Posted by: Tyler Green | 05/15/2010

New York in a New Light

I returned from a fantastic trip to New York City wanting to display some of my photos in a new form and I think I came up with some pretty successful results.

It had been several years since I had actually pieced together some of the panoramic shots, so I Googled some new software and ended up downloading Microsoft Research Image Composite Editor.  It was a quick download and install, but proved to be a very powerful program.  All I had to do was drag each set of images to be stitched into the window and it would process them into a single image.  It even output the number of degrees the camera had rotated between the series of shots!  (I think the Lower Manhattan Image was something like a 120 degree rotation.)

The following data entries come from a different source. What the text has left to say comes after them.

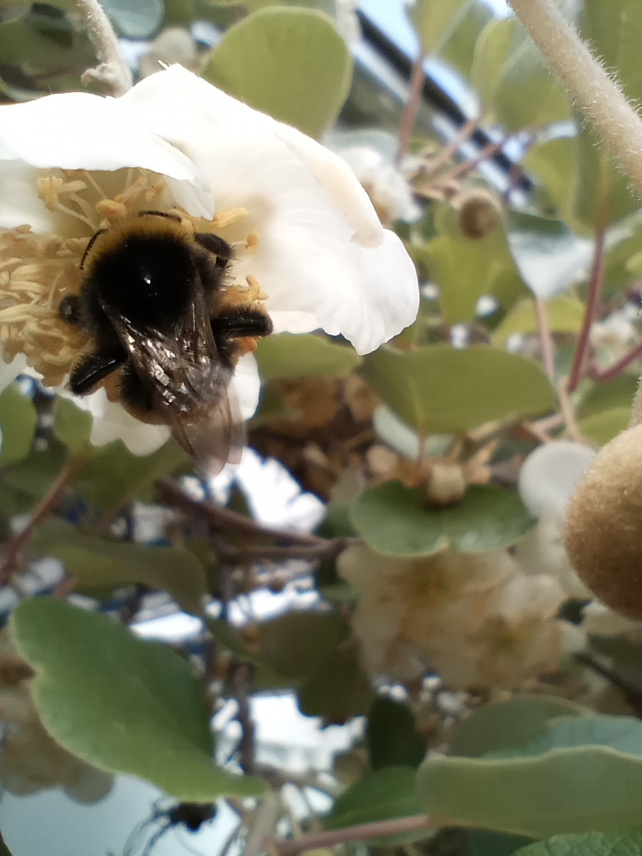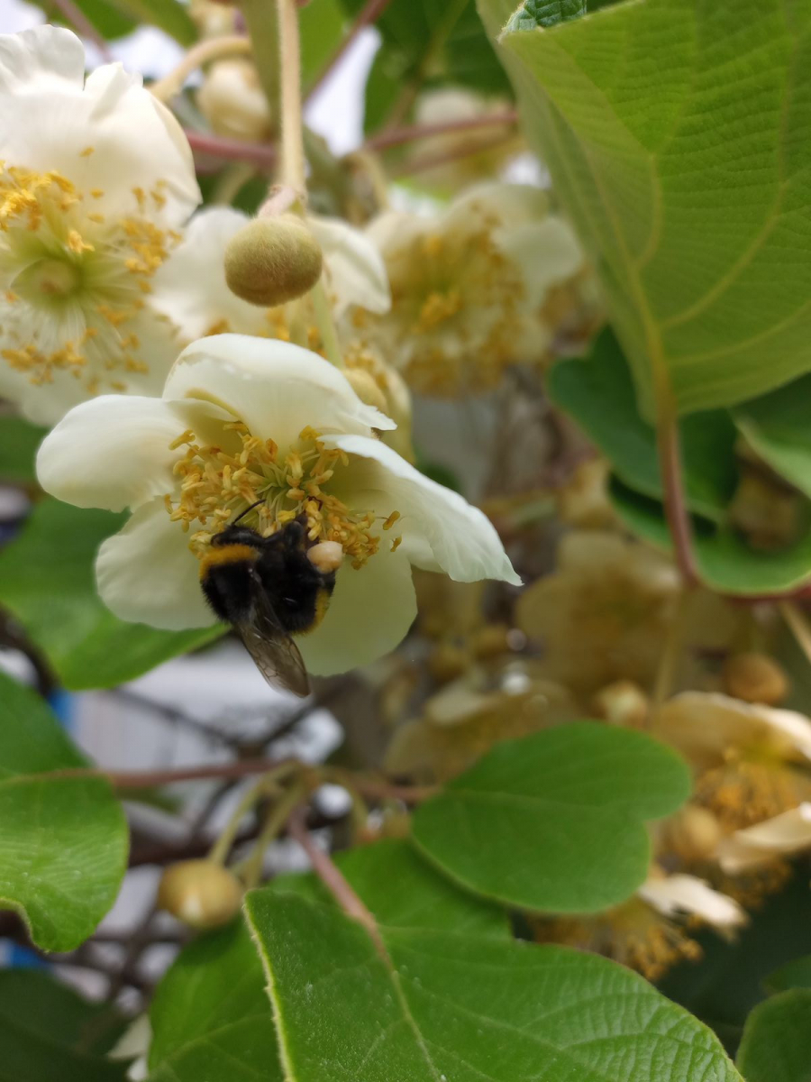 hier geht gerade der Punk auf der Terrasse ab, weil der Kiwi blüht. Jedes Jahr lockt das eine Myriade von Hummeln an, es summt und brummt in vielstimmigem Chor.
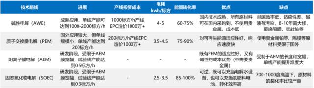 當(dāng)前,綠氫生產(chǎn)技術(shù)主要有堿性電解(ALK)、質(zhì)子交換膜電解(PEM)、陰離子交換膜電解(AEM)以及固體氧化物電解(SOEC)四種。其中堿性制氫技術(shù)成本最低,國內(nèi)90%項目采用該技術(shù),海外此前以PEM為主,近兩年為降本也逐步轉(zhuǎn)至堿性路線,預(yù)計未未來的規(guī)模化集中式電解水制氫以堿性為主。
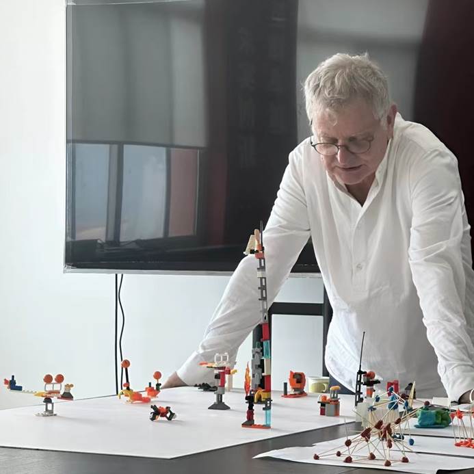 7月9日Nägeli教授所带来的第二场专题讲座中谈到了建筑内部和外部空间的定义及其相互关系,并通过优秀的建筑作品实例展示,探讨了在设计中如何处理建筑内外空间的关系。随后,在教授的指导下,同学们进行了题为“Disaster Building(灾难建筑)”的思维训练,以乐高积木为材料来表达和展现内心最伤心的一件事。该训练启发了同学们的创造性思维,使学生理解了主观情感如何转化为物质形式。Nägeli教授和赵康老师耐心地对每位同学给予了专业而详尽的评价和指导。
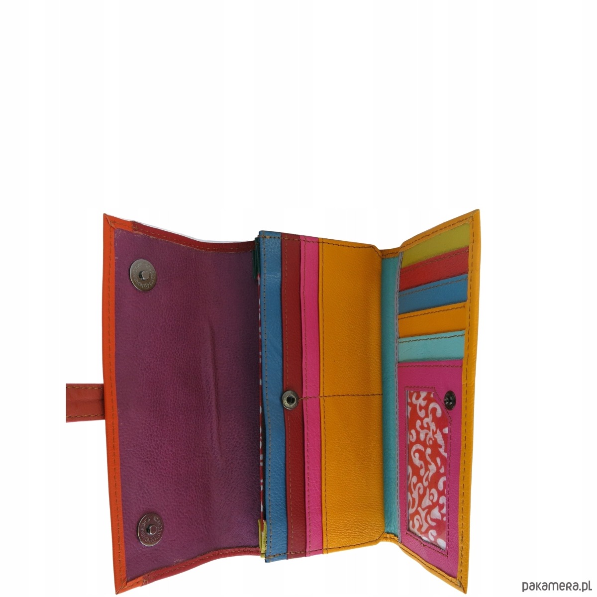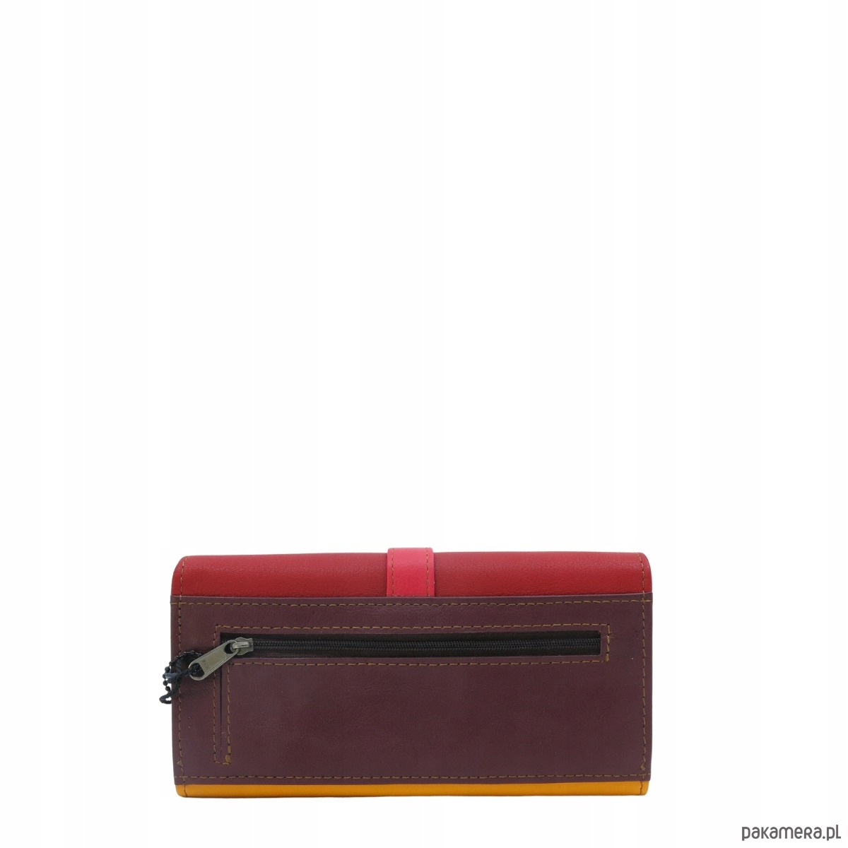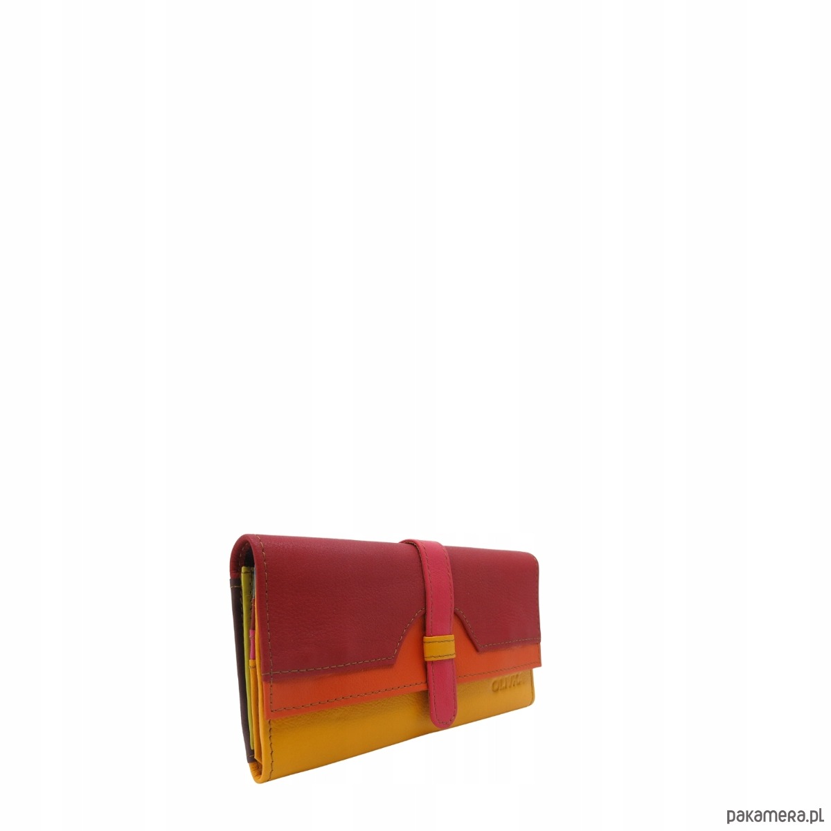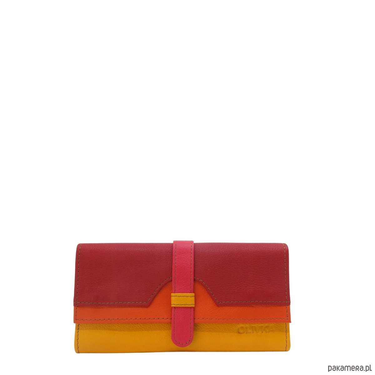 Portfel damski skórzany ze skrawków kolorowy przegródki na karty OLIVKA
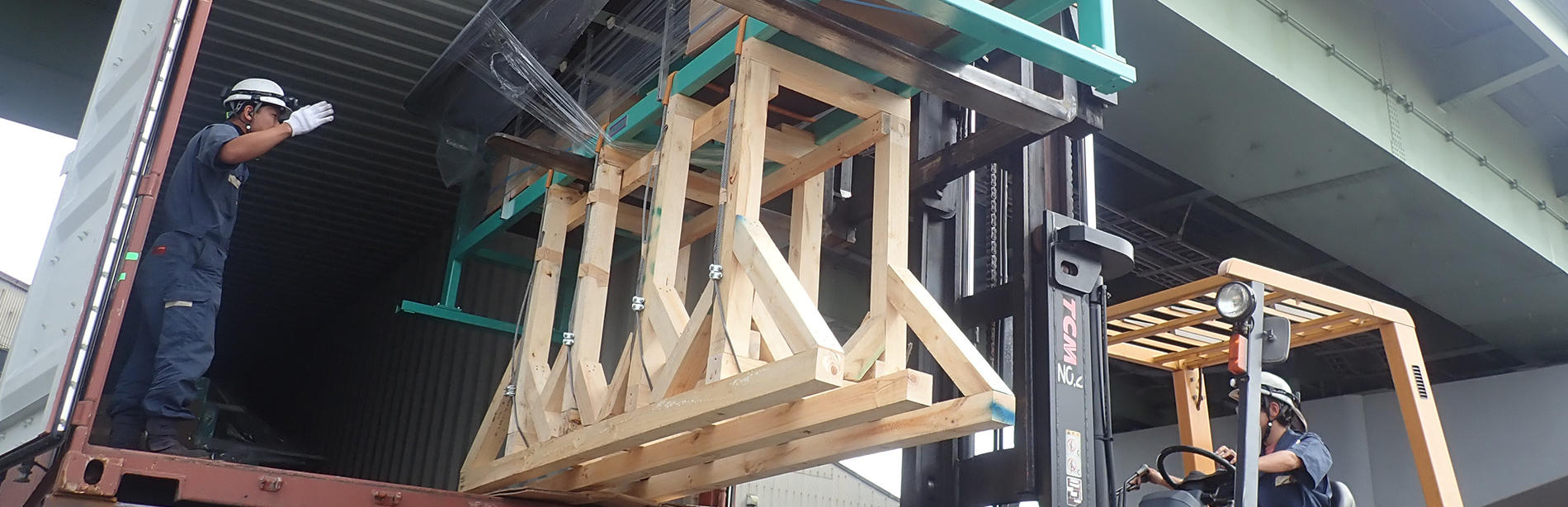 フォークリフトを用いての取り扱いでも製品にダメージを与えることがなく、安全に荷役が可能。 - 木箱に比べてコスト低減が可能。
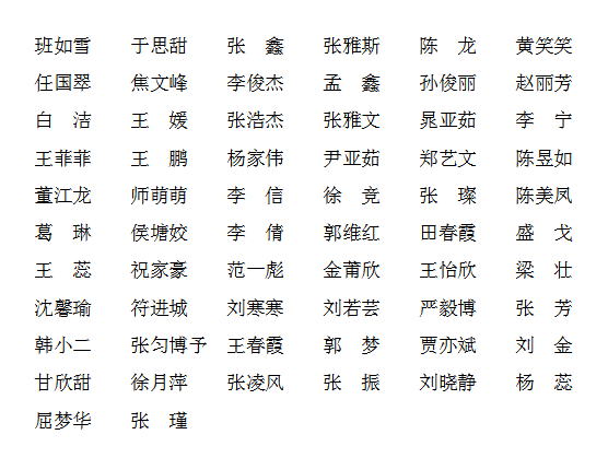 学生积极进取,奋发向上,为毕业生双向选择就业,升学创造条件。本着公平、公正、公开的原则,通过毕业生自愿报名,结合申报学生各方面综合表现,学院学生工作领导小组经研究决定班如雪、于思甜等62名同学被评为院优秀毕业生。现将名单公示如下:
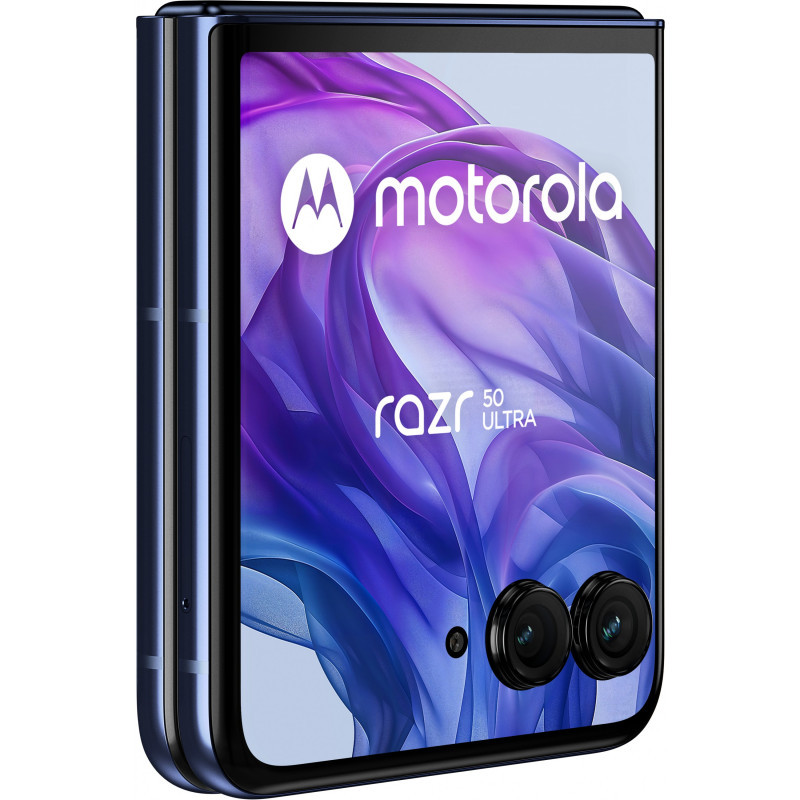 "Motorola razr 50 Ultra. Display diagonal: 17.5 cm (6.9""), Display resolution: 2640 x 1080 pixels. Processor family: Qualcomm Snapdragon, Processor model: 8s Gen 3. RAM capacity: 12 GB, RAM type: LPDDR5X, Internal storage capacity: 512 GB. Rear camera resolution (numeric): 50 MP, Rear camera type: Dual camera. SIM card capability: Dual SIM. Operating system installed: Android 14. Battery capacity: 4000 mAh. Product colour: Navy. Weight: 189 g"\n"Flip the script
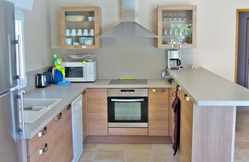 Boom in the Hill in a dominant position on a plot of 1200 m², 400 m from the Sainte Croix Lake with beautiful view on the Lake and close to all sporting and tourist activities contemporary house full foot terraced unopposed with another gite. Terrace pergola with garden, overlooking the private pool (11 x 5 x 1, 50 prof at salt electrolysis secured by alarm and barrier), Garden teak, gas barbecue. WIFI. Private parking in front of the cottage. Ground floor: Entrance Hall. WC with wash basin, laundry. Kitchen with bar, open very well arranged with quality equipment on large living room with flat screen TV, CD and DVD player. Two bedrooms with each a double bed (160cm) and two bedrooms each with two single beds (90cm). Bathroom bath + shower room adjoining to the parental bedroom with walk-in shower. Two separate wc with wash basin. Only accepted dog.
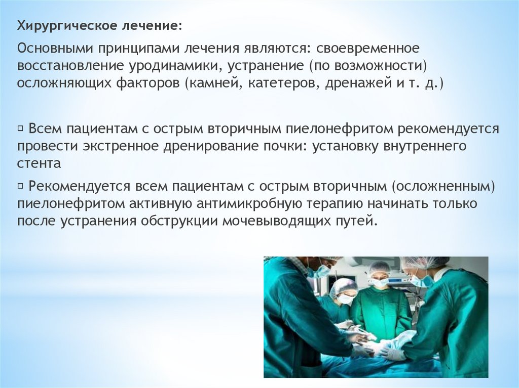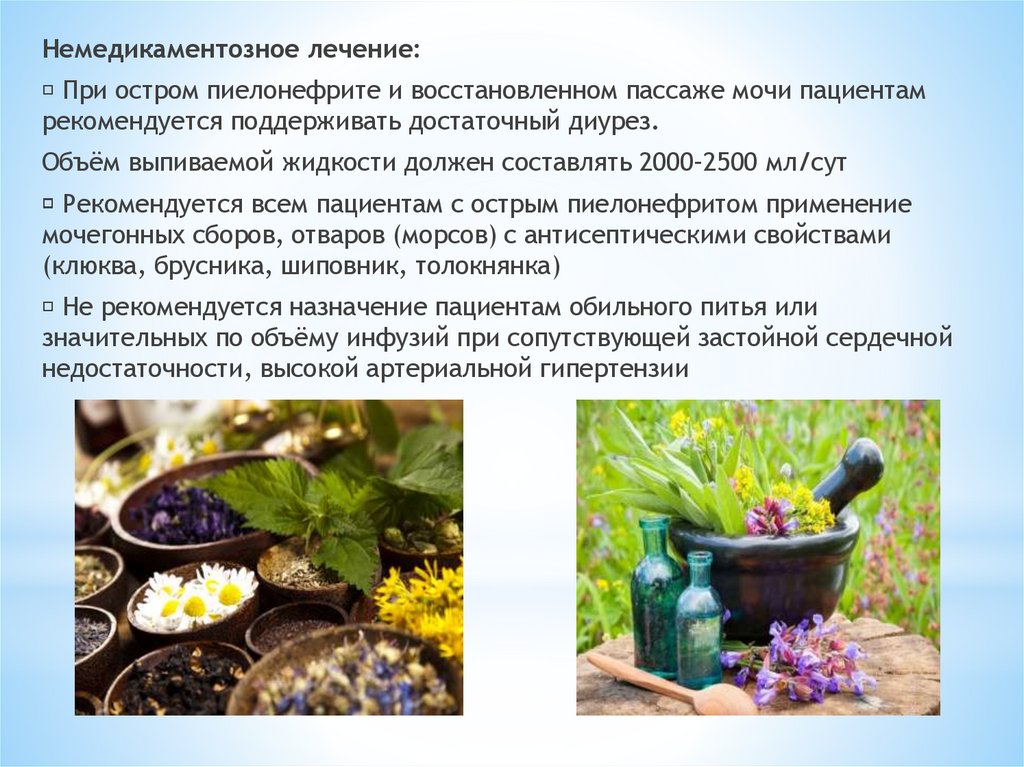 Немедикаментозное лечение:При остром пиелонефрите и восстановленном пассаже мочи пациентам

These two panoramas were taken from the Observation Deck on the 86th floor of the Empire State Building.  Because New York’s current tallest building stands fairly isolated of other skyscrapers, the north and south sides had great views for the two largest parts of the borough.  The image of Lower Manhattan is a stitch of three composite images and the Upper Manhattan shot contains four.

Lower Manhattan

Upper Manhattan

The next day’s visit to the Statue of Liberty had everything but perfect lighting, but when I was looking through my photos afterward, I realized I had taken a shot from about every angle possible.  This was almost the opposite of the panoramas above.  In those, I was stationary and took shots of varying angles.  In the video below, my camera’s focus was stationary on the statue, but my angle changed and the boat proceeded to dock on Liberty Island.  I thought the best way to display these would be in a simple slide show, and here is the result of 16 consecutive images around the Statue of Liberty.  It was pieced together using the Movie Maker feature of Google Picasa.

Both of the panoramas and video compilation are of average aesthetic quality, but using the new software to display New York City in a New Light over my traditional still images was a success.  I will continue to intertwine these new mediums with my already established 4:3 image repertoire to create a unique display of my future experiences.



  1. You should also try uploading your panoramas from ICE to Photosynth (just click the Publish button in the bottom right of ICE). I think that this is a great way to explore big panoramas. For example see some other images of NYC here:

  2. I had seen that button, just hadn’t clicked it yet. I will definitely try that out. Thanks for the suggestion!